Goodbye, Tater Tot. I'm so sorry for what I've done. Please forgive me for taking what wasn't mine and for ending my own life. With love and regret, Gloria

“Tater Tot?” the detective asked.

Tears sprung into Kelsey's eyes. “It was her pet name for me.”

He was quiet, waiting for her to go on, so she explained. “My last name is Tate. When I first started working at the office, she would refer to me as Little Tate and my father as Big Tate. I guess it just evolved over time. Somehow Little Tate became Tater Tot.”

The detective nodded, a flash of pity reflected in his eyes. “Any idea what she's talking about where she says ‘Forgive me for taking what wasn't mine'? What did she take?”

Kelsey shook her head slowly. “I don't have a clue.”

Truly, she was stunned. Unable to stop reading and rereading Gloria's
message, she kept zeroing in on those four words:
ending my own life
. There was nothing ambiguous about that at all. Either someone had murdered her and faked this note, or Gloria really had killed herself.

“How did she…What method…” Kelsey cleared her throat and tried again. “I mean, I know I saw the body and all, but I don't understand how it worked. Technically speaking, I mean. How did she do it? For that matter, how do you know it wasn't an accident?”

Another ding of the elevator, and this time the person who came around the corner was the one Kelsey had been waiting for all along: her brother Matt. Tall and lean with a runner's build and a friendly face, he was the most beautiful sight she'd seen in a long time. The moment he spotted her, he rushed to her side and pulled her into a hug.

Kindly, the detective excused himself for a few minutes and left the room. While he was gone, Kelsey brought her brother up to speed on all that had happened—both this afternoon and this evening.

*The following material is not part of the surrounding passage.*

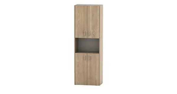 Kancelářská skříň Rozměry ŠxVxH: 57 x 175 x 34 cm Barevné provedení: dub sonoma Materiál: DTD laminovaná, ABS hrany, kovové úchyty Sektor je vhodný na zařízení kanceláří, pracoven, školních

When she was finished, Ephraim said, “Looks like you're in good hands now, so I guess I'll head out.”

They both thanked him for staying until Matt got there, and then he was on his way.

Once they were alone, Matt caught Kelsey up on his side of things, saying that when he saw the news clip and then couldn't reach her on the phone, he had headed straight over to their parents' house. Sure enough, as Kelsey had suspected, they were home. They had just stopped answering their calls after the fourth or fifth intrusion by a reporter.